I reinstalled Windows XP Pro on my girlfriend's laptop (Gateway MX3228) because it was operating poorly. under the device manager there were a few of those yellow question marks, but I found the drivers on the gateway web page.

The big problem is I can't get the computer online by plugging it in or by wireless connection. 

I tried installing the ethernet drivers and the wireless drivers, but no luck still.

The remaining yellow question marks are
Other devices - ethernet controller
and
secure digital host controllers - SDA standard compliant sd host controller

Any help would be great I can't seem to fix this thing.


----------



## Rits (Dec 29, 2011)

*Re: Ethernet controller issue on gateway laptop*

Which Network adapter is installed on Laptop?


----------



## phishhead220 (Jan 2, 2012)

*Re: Ethernet controller issue on gateway laptop*



Rits said:


> Which Network adapter is installed on Laptop?

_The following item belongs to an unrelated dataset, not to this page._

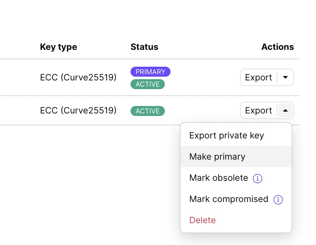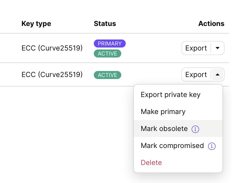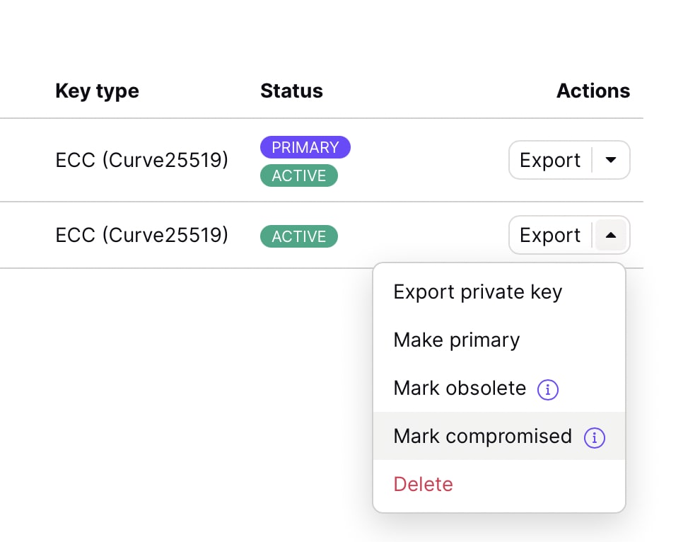 You can mark your key as compromised by going into the key dropdown and clicking on Mark compromised. You can only mark a non-primary key as compromised. A compromised key is always seen as obsolete. You can mark a compromised key as non-compromised by opening the key dropdown menu and selecting Mark not compromised.

According to device manager it's a VIA Rhine II Fast Ethernet Adapter


----------



## Rits (Dec 29, 2011)

*Re: Ethernet controller issue on gateway laptop*

You will need to install Modem drivers for exthernet controller and Broadcom drivers for wireless.

Modem:

http://global-download.gateway.com/...Step3=MX3220&OS=ALL&LC=en&BC=GATEWAY&SC=PA_6G 

WiFi:

http://global-download.gateway.com/...Step3=MX3220&OS=ALL&LC=en&BC=GATEWAY&SC=PA_6G


----------



## phishhead220 (Jan 2, 2012)

*Re: Ethernet controller issue on gateway laptop*



Rits said:


> You will need to install Modem drivers for exthernet controller and Broadcom drivers for wireless.
> 
> Modem:
> 
> ...


Thanks I have one less yellow question mark, the ethernet controller question mark still remains and it doesn't seem to recognize there is a wireless device.


----------



## oscer1 (Jan 27, 2010)

*Re: Ethernet controller issue on gateway laptop*

try this one for ethernet http://global-download.gateway.com/...id=634165031597266256&Step1=NOTEBOOK&Step2=MX


----------



## phishhead220 (Jan 2, 2012)

*Re: Ethernet controller issue on gateway laptop*

worked thanks


----------



## oscer1 (Jan 27, 2010)

*Re: Ethernet controller issue on gateway laptop*

your welcome, anymore problems?


----------